■ SUPPLIED DATA
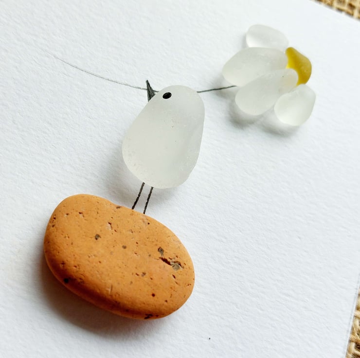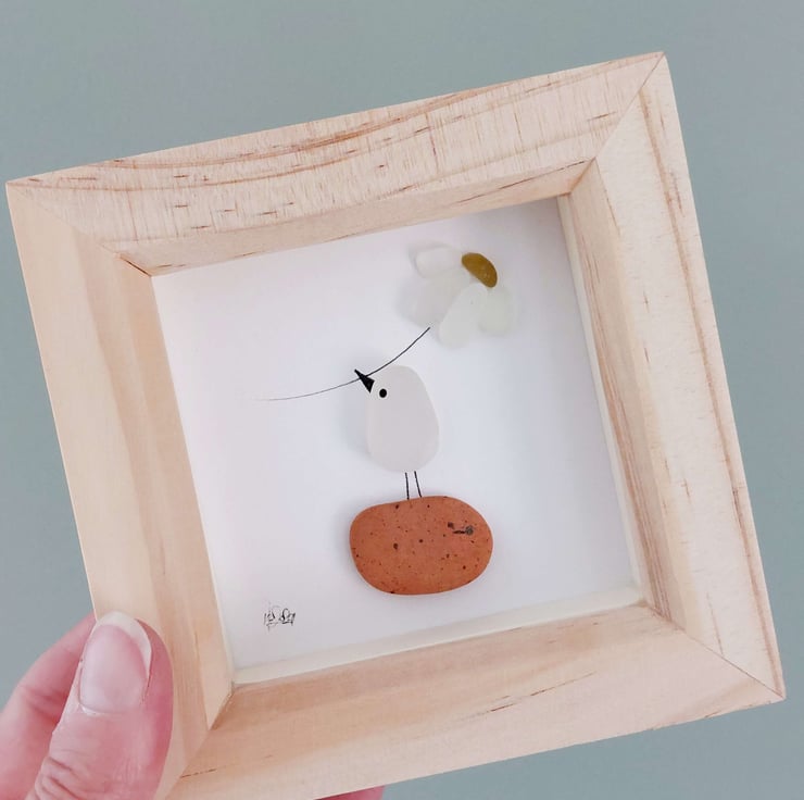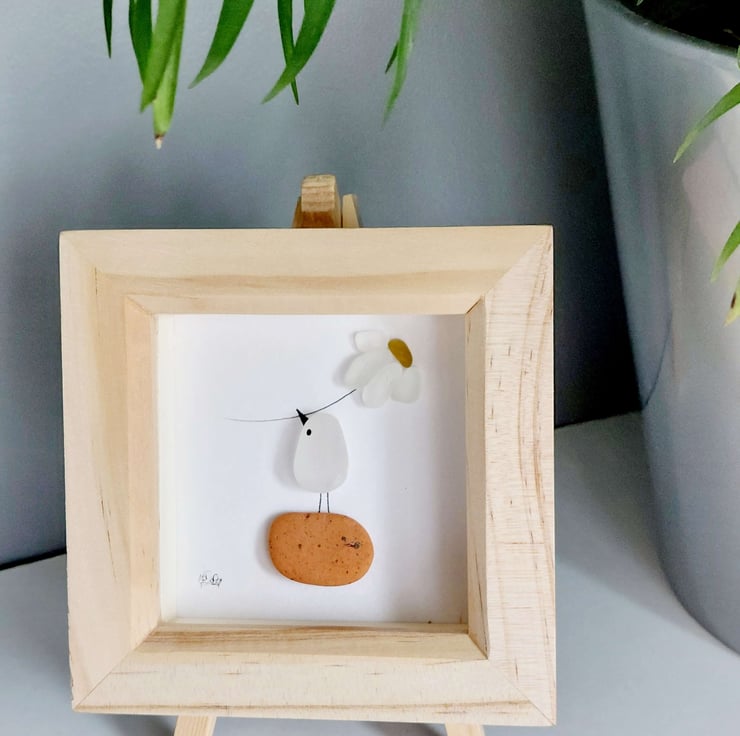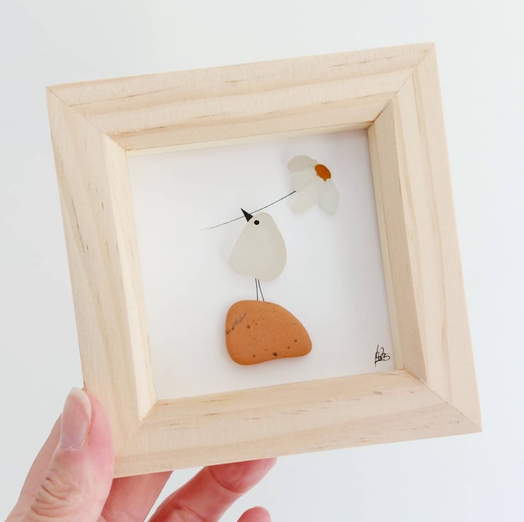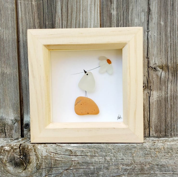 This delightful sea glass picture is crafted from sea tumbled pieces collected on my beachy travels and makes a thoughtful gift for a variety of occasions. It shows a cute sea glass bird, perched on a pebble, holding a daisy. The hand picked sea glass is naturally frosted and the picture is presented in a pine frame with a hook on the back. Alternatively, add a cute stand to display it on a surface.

* * *

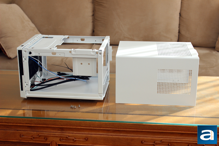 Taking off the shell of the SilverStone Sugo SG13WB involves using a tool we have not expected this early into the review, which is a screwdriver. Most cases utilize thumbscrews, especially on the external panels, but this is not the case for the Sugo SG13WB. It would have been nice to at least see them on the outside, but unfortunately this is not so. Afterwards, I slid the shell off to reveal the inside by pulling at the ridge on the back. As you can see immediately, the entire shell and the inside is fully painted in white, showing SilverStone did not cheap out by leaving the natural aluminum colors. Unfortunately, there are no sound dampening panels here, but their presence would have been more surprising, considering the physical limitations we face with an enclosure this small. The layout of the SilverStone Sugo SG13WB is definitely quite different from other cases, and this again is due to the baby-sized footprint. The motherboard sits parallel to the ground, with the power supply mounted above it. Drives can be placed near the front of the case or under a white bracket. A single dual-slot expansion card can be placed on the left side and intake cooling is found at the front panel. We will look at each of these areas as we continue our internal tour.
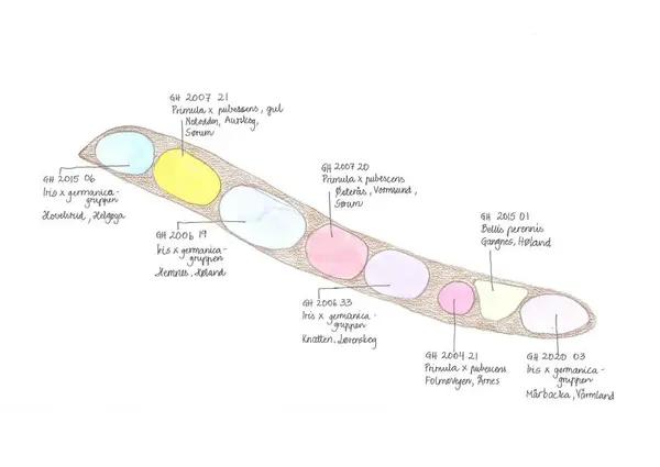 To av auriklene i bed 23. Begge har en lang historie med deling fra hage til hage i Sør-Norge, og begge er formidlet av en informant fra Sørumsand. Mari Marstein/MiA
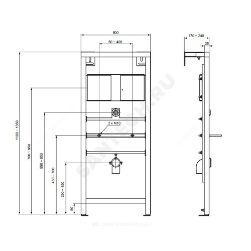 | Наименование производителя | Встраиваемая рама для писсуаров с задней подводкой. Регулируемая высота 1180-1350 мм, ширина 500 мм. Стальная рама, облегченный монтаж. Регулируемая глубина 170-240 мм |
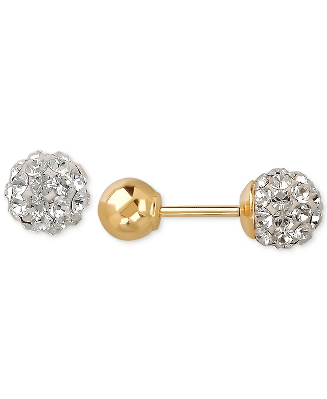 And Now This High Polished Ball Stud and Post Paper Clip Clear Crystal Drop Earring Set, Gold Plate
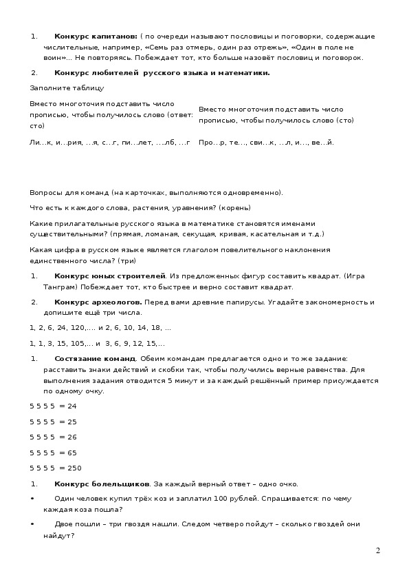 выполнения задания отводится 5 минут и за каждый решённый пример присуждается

---

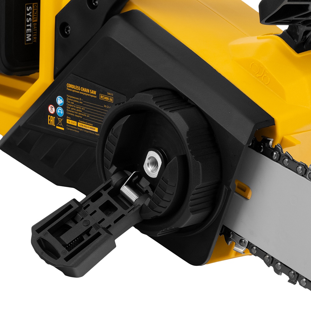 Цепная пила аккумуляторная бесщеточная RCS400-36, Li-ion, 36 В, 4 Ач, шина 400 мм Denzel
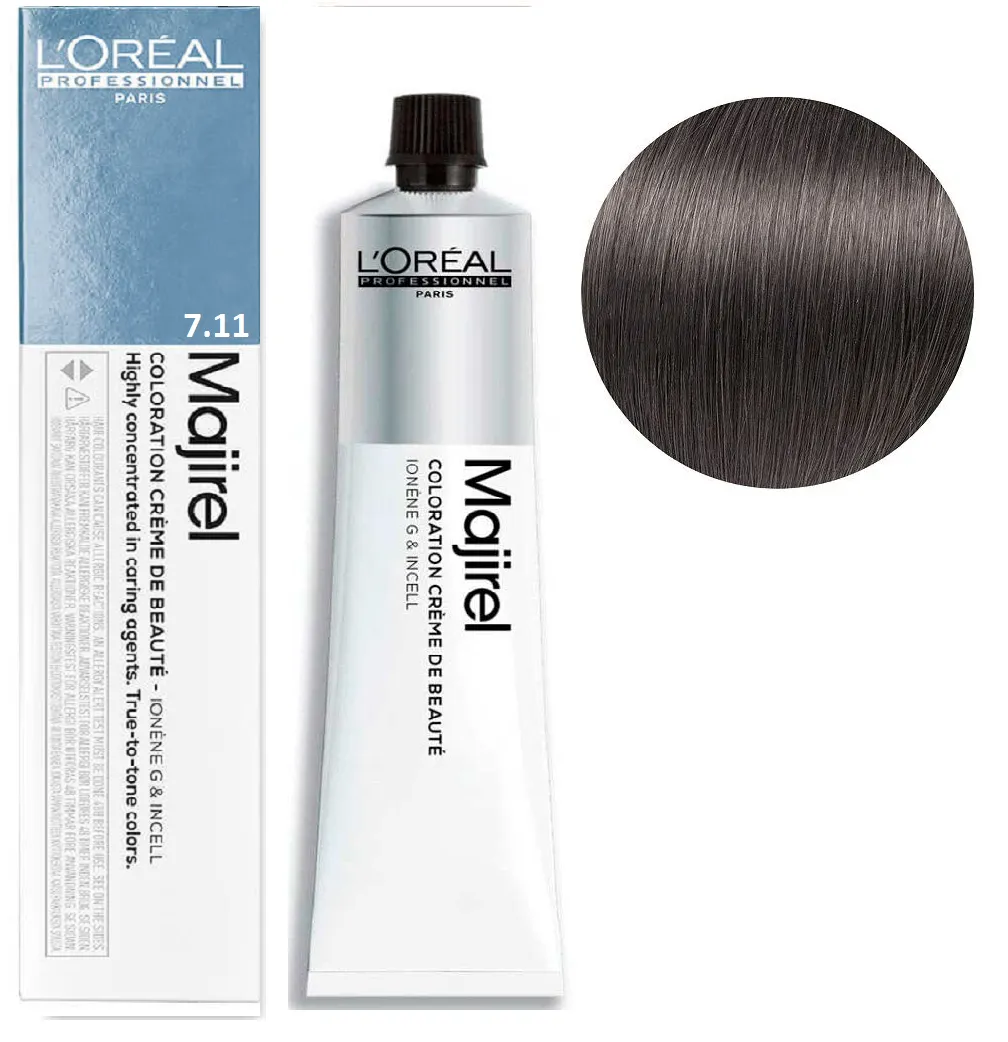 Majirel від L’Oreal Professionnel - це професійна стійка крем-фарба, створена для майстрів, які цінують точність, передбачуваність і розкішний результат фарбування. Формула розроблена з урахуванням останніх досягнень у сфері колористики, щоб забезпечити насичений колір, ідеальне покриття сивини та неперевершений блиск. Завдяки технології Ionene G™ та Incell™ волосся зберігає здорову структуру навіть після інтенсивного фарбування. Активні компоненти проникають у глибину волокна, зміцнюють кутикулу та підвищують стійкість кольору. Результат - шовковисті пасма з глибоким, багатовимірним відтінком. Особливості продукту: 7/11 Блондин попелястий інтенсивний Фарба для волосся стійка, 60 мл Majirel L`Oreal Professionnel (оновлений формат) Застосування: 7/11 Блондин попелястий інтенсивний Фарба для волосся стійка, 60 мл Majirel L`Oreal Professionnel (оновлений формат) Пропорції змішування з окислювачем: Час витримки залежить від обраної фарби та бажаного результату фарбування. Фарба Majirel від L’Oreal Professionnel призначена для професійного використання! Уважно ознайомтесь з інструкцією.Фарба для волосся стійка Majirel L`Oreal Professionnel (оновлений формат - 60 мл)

■ THE PROBLEM
Nothing but the lines from the one with "170-240 мм |" up to and including the one with "выполнения задания отводится" should be printed, exactly as they read above. Please keep the pictures out.

■ ANSWER TO THIS TASK
 | Наименование производителя | Встраиваемая рама для писсуаров с задней подводкой. Регулируемая высота 1180-1350 мм, ширина 500 мм. Стальная рама, облегченный монтаж. Регулируемая глубина 170-240 мм |
 And Now This High Polished Ball Stud and Post Paper Clip Clear Crystal Drop Earring Set, Gold Plate
 выполнения задания отводится 5 минут и за каждый решённый пример присуждается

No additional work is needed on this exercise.